Nach meinem vorbereiteten Frühstück ging es ein letztes mal in die Wechselzone um das Bike zu checken und dann direkt zum Start im Hafen Kalmar.

Nervös aber zuversichtlich eine schönes Rennen zu haben, hat mich auch die Ansage des Speakers nicht geschockt, dass nach dem letzten Gewitter die Ostsee nur noch 16,4 Grad hat. Ich war eher nochmals erstaunt, dass ich tatsächlich gut geschlafen hatte.

7 Uhr Start und los ging es zu meinem ersten OpenWater schwimmen über 3,8 km. Die Ostsee war mit Nebel überdeckt und man hatte ca. 200m Sichtweite.

Da ich diese Saison schon bei 14,9 Grad und 16 Grad längere Schwimmstrecken im Wettkampf absolviert hatte, kam ich erstaunlich gut mit der Wassertemperatur zurecht.
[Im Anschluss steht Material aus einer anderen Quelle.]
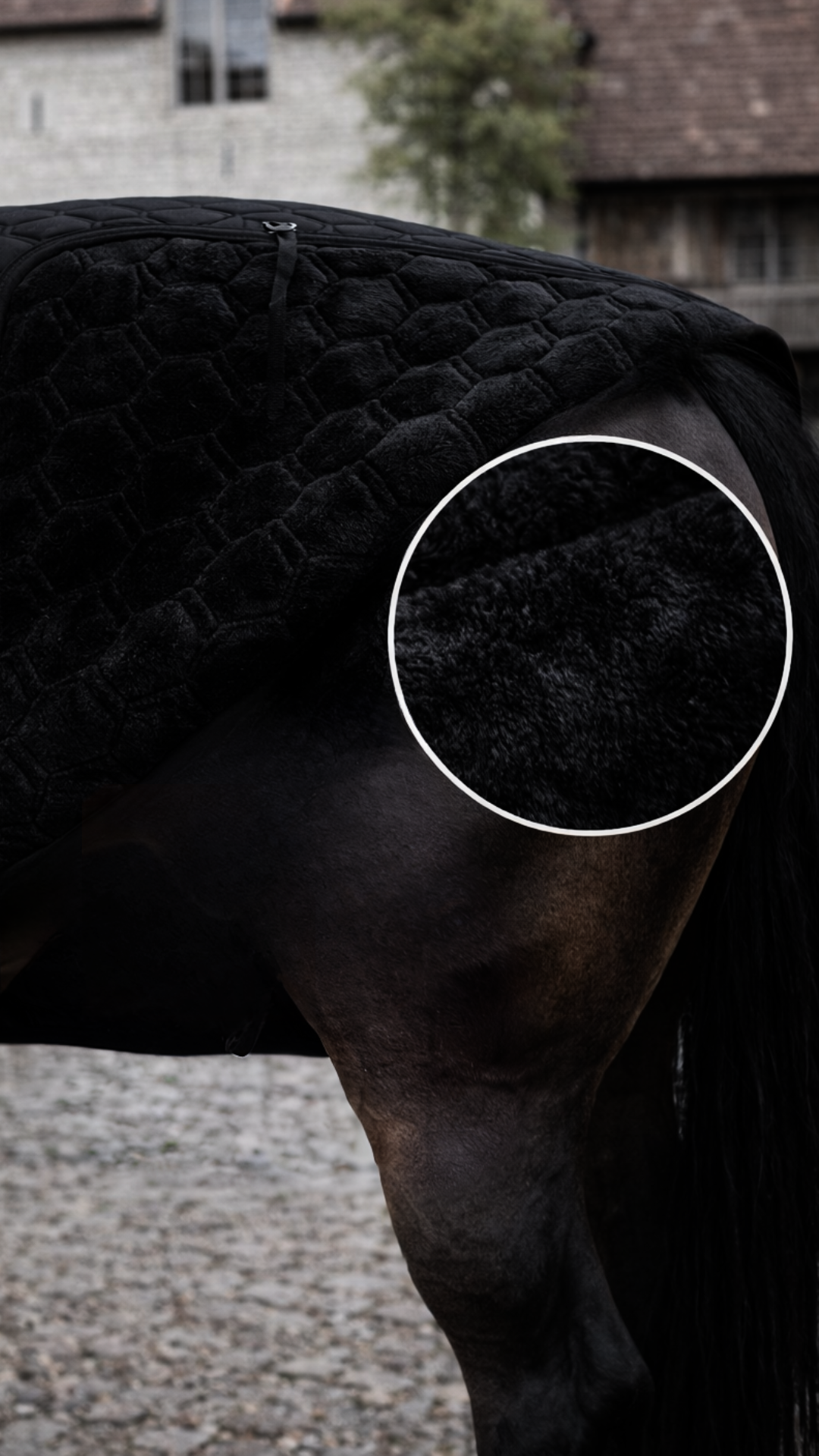 Nasza nowa derka stajenna Velvet łączy elegancję i funkcjonalność, aby zapewnić Twojemu koniowi komfort i styl w chłodniejsze dni. Jest idealna do codziennego użytku w stajni, a także sprawdzi się doskonale na zawody oraz wyjazdy. Dzięki niej Twój koń zawsze wygląda wyjątkowo. Derka wykonana jest z wysokiej jakości weluru, a miękki kołnierz z pluszowego futra dodaje luksusu i ciepła. Jest to produkt, który spełni oczekiwania najbardziej wymagających właścicieli koni.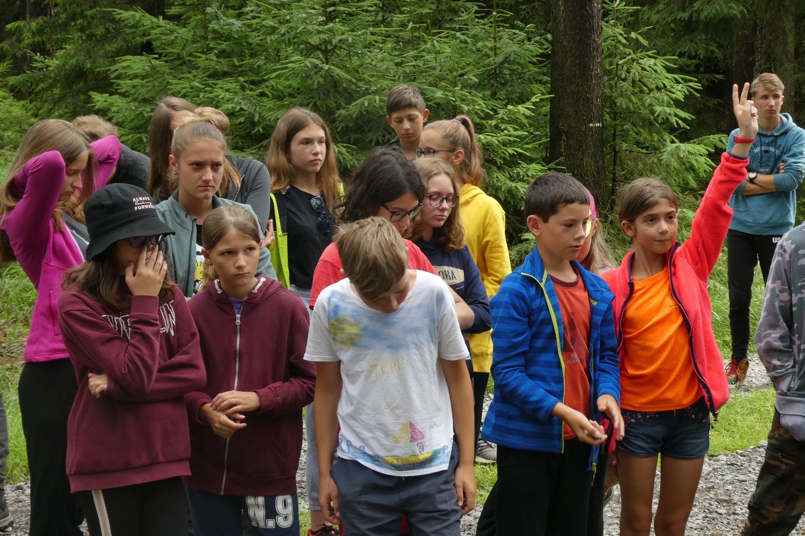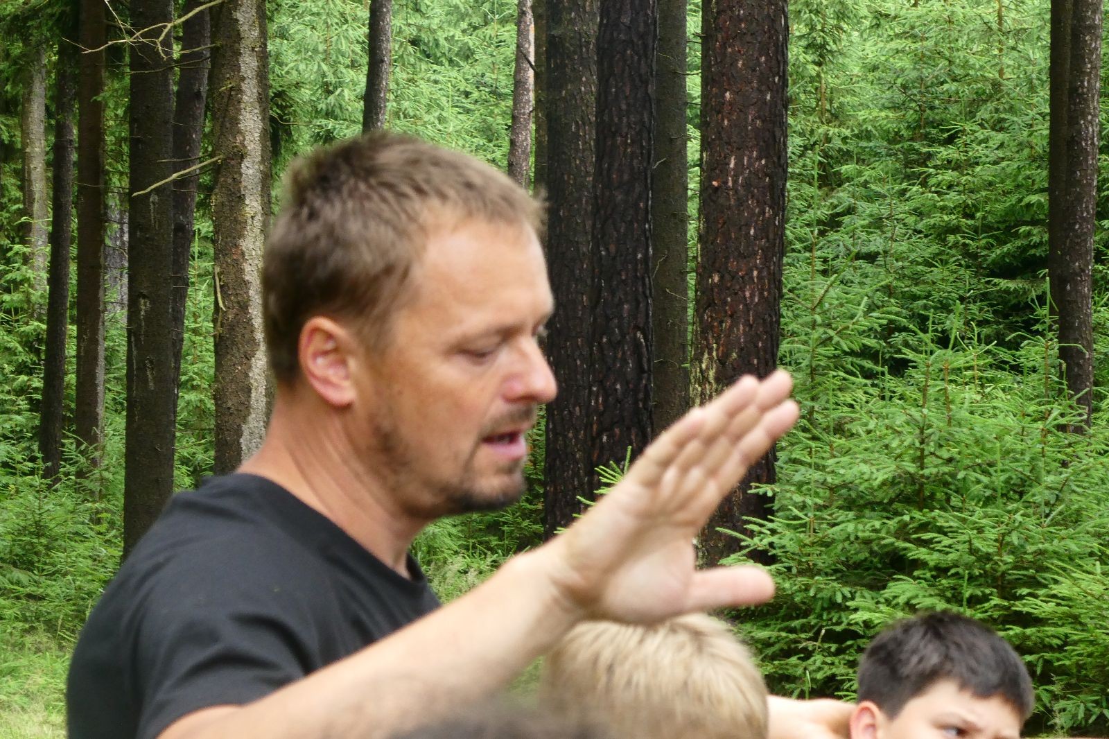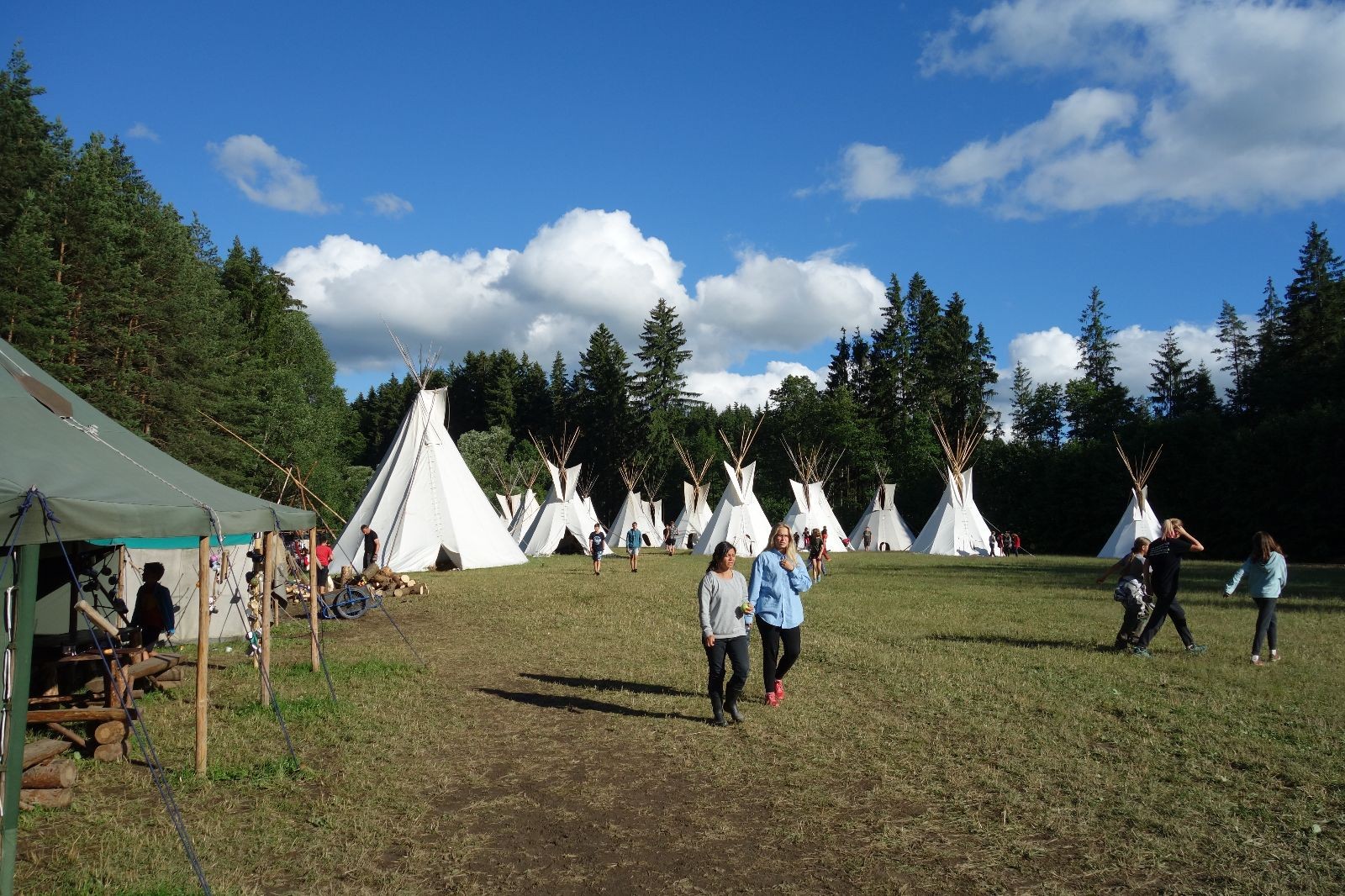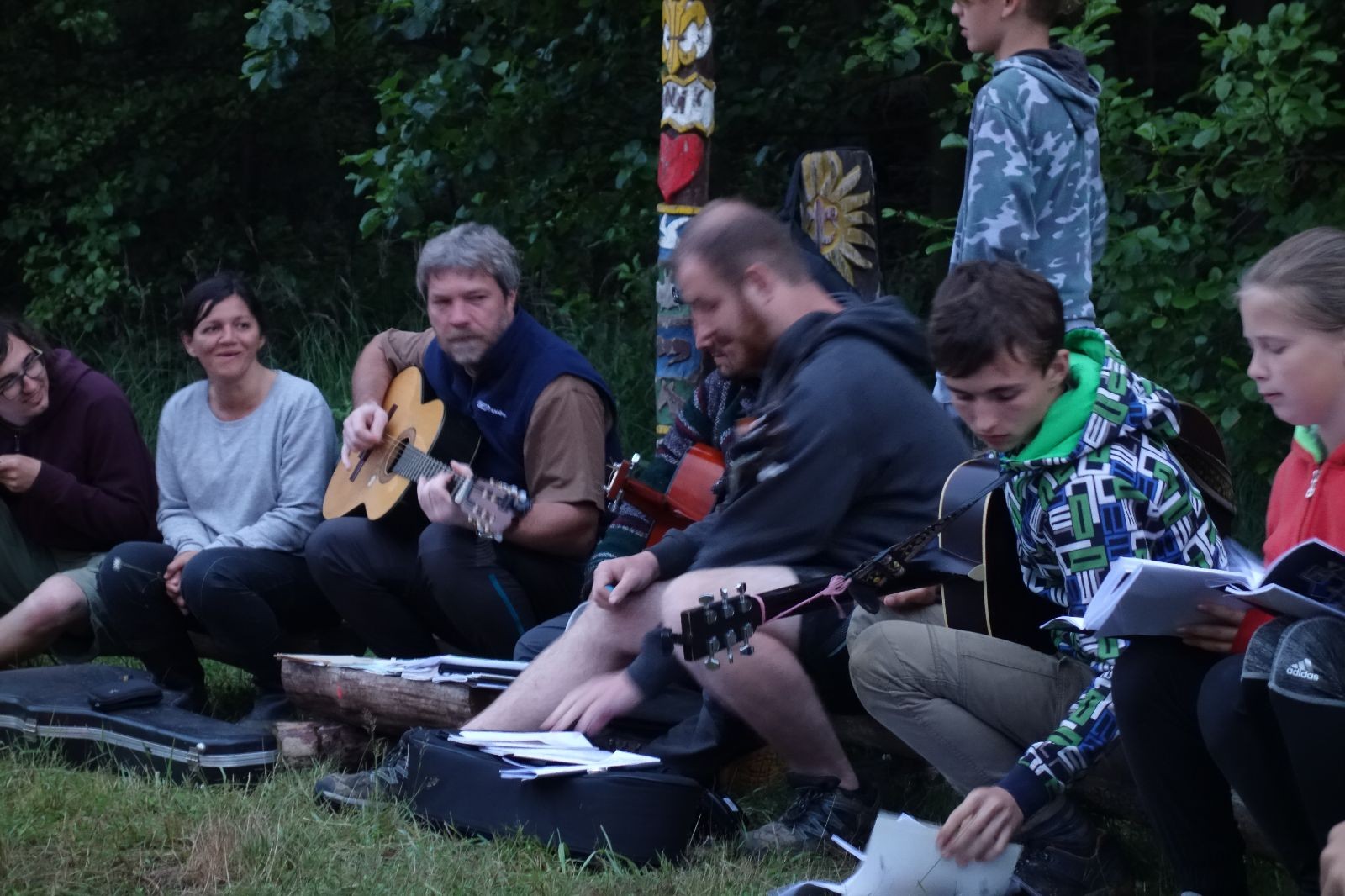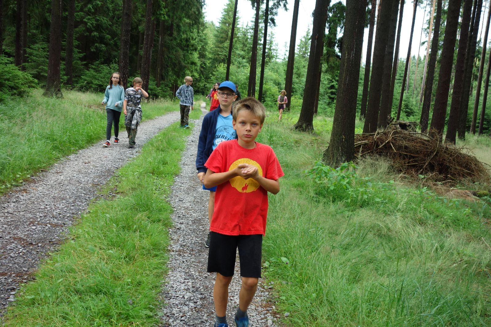 Tak aby toho nebylo málo, nad ránem přišla ještě bouřka třetí a vzala nás pěkně poctivě, středem. Od 3:40 do 3:50 to bylo, jako když otočíte kýbl. Blesky a hromy lítaly všude okolo. Všichni vedoucí a starší byli vzhůru, naopak většina mladších to v podsadách zaspala. Naštěstí ani tentokrát nefoukal žádný uragán a tak opět odneslo jen pár zmáčených věcí. Škody na životech či majetku nula nula nic. Ráno nesměle vykoukl oskárek a pak už nás provázel celým dnem stejně jako lehký vítr. Louka doslova vysychala před očima podobně jako věci na sušárnách. Dopoledne bylo věnováno lesní strategické hře „Přístavy“, mladší hráli „Riskuj“. V poledne do tábora dorazila šestice Svišťů a ulokovala se v podsadách. Odpoledne kromě etap mladších a starších probíhaly též hry se Svišti, doplnili jsme zásoby dřeva v kuchyni a dále sušili navlhlé věci. Večer oheň, písničky a opékání špekáčků. Usínali jsme s jasnou oblohou nad hlavou, hvězdy zářily. Pěkný rozdíl, proti minulé noci…

Ebenfalls das Orientieren zwischen den Athleten hat, auch dank des Rollingstart, sehr gut funktioniert und so habe ich meinen Rhythmus vom Kanalschwimmen wieder angeschlagen und kam gefühlt sehr gut voran.

Während des ersten Kilometer war ich von den vielen Boten die mit Zuschauern beladen an der Strecke standen extrem beeindruckt und es hat richtig Spass gemacht die Strecke zu schwimmen.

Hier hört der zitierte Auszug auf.